The players weren’t happy but more and more smiled as they left the high school field – some for the last time. Then there were the coaches…

I don’t think that truly great coaches are anointed (and I use the word specifically in a quasi-religious tone) the accolades they deserve. The Long Beach High School Football coaches were visibly downtrodden as they picked up the last vestiges of the game; some had housed players during the preceding weeks, all had reached into their pockets to help. I know these guys felt that somehow they had let down the players but time will show that the efforts had given the players lessons in “hope” and “teamwork” that under the circumstances would never have been taught in a classroom or on the field. Even more, I suspect that the players, coaches and Arnie learned that no matter how dire a situation might ever get, that they’d never be alone. Community pride is always more powerful than individual pride…

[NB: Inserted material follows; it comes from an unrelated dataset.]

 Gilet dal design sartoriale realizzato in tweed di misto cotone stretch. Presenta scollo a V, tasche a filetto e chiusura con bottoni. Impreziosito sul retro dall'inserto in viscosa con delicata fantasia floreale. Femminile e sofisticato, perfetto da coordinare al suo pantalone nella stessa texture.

On one of the days at the Long Beach Relief Center, I’m certain I personally moved at least 5,000 pounds of pet food and at least that much in cases of water. How bad was it? When a member of Long Beach Police Department comes by and asks if he can have a toothbrush, toothpaste, soap and a razor so he can clean up – because he lost everything – yeah, it’s bad. A middle-aged woman who clearly hadn’t time over the past days to take care of herself came to me and asked for, among other basics, cleaning supplies and #2 diapers for her grandkids. The center was running very low of some of the basics but I knew she really needed the few items for which she was asking (unlike some of the slithering people who came by to shop for “free” stuff – everyone working knew who these folks were – this person was also in dire need) so I ventured back to the hockey rink full of inventory, put together a care package and carried it out to her car.

It was a fairly new Jaguar…

Being the sensitive type, I asked her if she ever thought that she’d be driving a Jag and coming to a relief center for cleaning supplies (yes, I inserted my entire leg into my mouth) – and she burst into tears. Seems that the car had been designated as “totalled” by the storm – it smelled really bad inside – but it was where she was sleeping because her house – and the houses of her friends and family – were destroyed. Everything she had in the world was stuffed into the car.

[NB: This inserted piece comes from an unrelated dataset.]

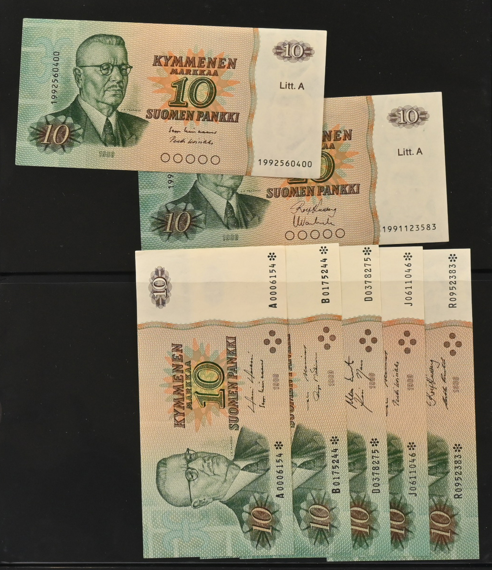 Erä 1980 10 markkaa tähtirahat kirjaimet A, B, D, J ja R. Lisäksi Litt. A sarjanumerot 1991... ja 1992... kl keskimäärin 0-/01

I stayed and talked and made sure she had taken the necessary steps to meet with her insurance companies and FEMA; said if she needed anything else to come back and ask for me.

Then she said to me, “Thank you so much for doing all this.” All this? I made an insensitive comment and carried cleaning supplies to her car.

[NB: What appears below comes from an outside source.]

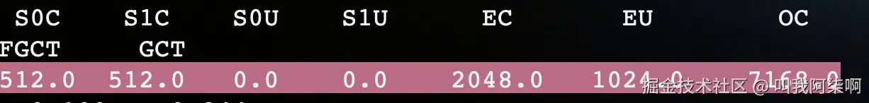 如图,以C结尾的表示capacity(容量),U表示used(已使用),单位为KB。从而可以看出Eden与S0、S1在年轻代的区域占比为4:1:1,可以通过 -XX:SurvivorRatio 来控制。

But she smiled as she opened her car door, dropped in and drove away. I’m sure she’ll be fine.

It’s easy to let “losing” shake you to your core and stay down on the ground. When you think that no one cares about you, it’s very difficult to get up off the ground. Yet when you realize that community pride can help unlock personal pride when personal pride has taken a beating – that there are always others around you who will help – it makes giving up a very unattractive course of action. Perhaps this is the best Thanksgiving message I can offer: Whether it’s after a natural disaster or with someone you know is having difficulty finding a job, communities do pull together to help.